Pollution is very bad in many areas of Baguio City - particularly downtown which sits in a natural bow of sorts or by any major road. The prime cause is very poorly maintained diesel engines on jeepneys and taxis. If you have respiratory problems - Baguio is going to be a tough place for you. Picking a place to live farther out where the breeze keeps things clean is a good choice. But it is often a trade off for convenience in travel if you do not have your own vehicle. Finding a taxi at night can be iffy and jeepneys quit running around 9 p.m. for most areas.


----------



## simonsays (Feb 11, 2009)

Tatoosh said:


> Pollution is very bad in many areas of Baguio City - particularly downtown which sits in a natural bow of sorts or by any major road. The prime cause is very poorly maintained diesel engines on jeepneys and taxis. If you have respiratory problems - Baguio is going to be a tough place for you. Picking a place to live farther out where the breeze keeps things clean is a good choice. But it is often a trade off for convenience in travel if you do not have your own vehicle. Finding a taxi at night can be iffy and jeepneys quit running around 9 p.m. for most areas.


I never felt the pollution being that bad in Baguio, in Philippines term, compared to Manila or elsewhere

Agreed, I live near Pacdal and there's very little traffic, other than the occasional PAF helicopters  

I am still trying to find a call taxi operator in Baguio - no joy there. All taxis are of the owner-operator type, and they don't do call pick ups


----------



## Tatoosh (May 7, 2014)

Baguio City was measured as one of the worst places in the Philippines according to the WHO. Feel free to take a deep breath downtown after 7:00 a.m. or along Marcos, Naguilian, Kennon, or any main thoroughfare during the majority of the daytime. Comparing it to Manila is of small value given that one is the smoggy butt Philippines while the other should be full of fresh mountain breezes. Do you know how much diesel fumes it takes to pollute a mountain top? That takes serious dedication on the part of a lot of jeepney and taxi drivers.


----------



## simonsays (Feb 11, 2009)

Tatoosh said:


> Baguio City was measured as one of the worst places in the Philippines according to the WHO. Feel free to take a deep breath downtown after 7:00 a.m. or along Marcos, Naguilian, Kennon, or any main thoroughfare during the majority of the daytime. Comparing it to Manila is of small value given that one is the smoggy butt Philippines while the other should be full of fresh mountain breezes. Do you know how much diesel fumes it takes to pollute a mountain top? That takes serious dedication on the part of a lot of jeepney and taxi drivers.
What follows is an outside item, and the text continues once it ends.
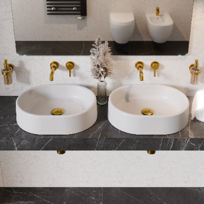 Stylowa umywalka nablatowa wykonana z trwałego konglomeratu granitowego. Odporna na zarysowania, wysokie temperatury i środki chemiczne. Idealna do nowoczesnych i klasycznych łazienek. Polski produkt wysokiej jakości.

while it is still Baguio, I read a lot of arguements that the measurement system was wrong, I think it was basically the placement of the equipment at the beginning of Session Road, next to the PNB, sort of at the the lowest point of Session Road, where sort of all the smoke/smog settles

One man's meat is another's poison, but me being a bit sensitive to smog/haze, never felt so in Baguio - so far .


----------



## Tatoosh (May 7, 2014)

I've lived here for 8 years - I have COPD and am very sensitive to smoke and pollution. I've listened to the comments of various visitors as well. If you find air quality congenial, I'm happy for you. I love Baguio City - do not get me wrong. I think it is the best place in the Philippines bar NONE. But it utterly s***s in terms of pollution in my opinion. Obviously we will disagree on this particular point.


----------



## simonsays (Feb 11, 2009)

Tatoosh said:


> I've lived here for 8 years - I have COPD and am very sensitive to smoke and pollution.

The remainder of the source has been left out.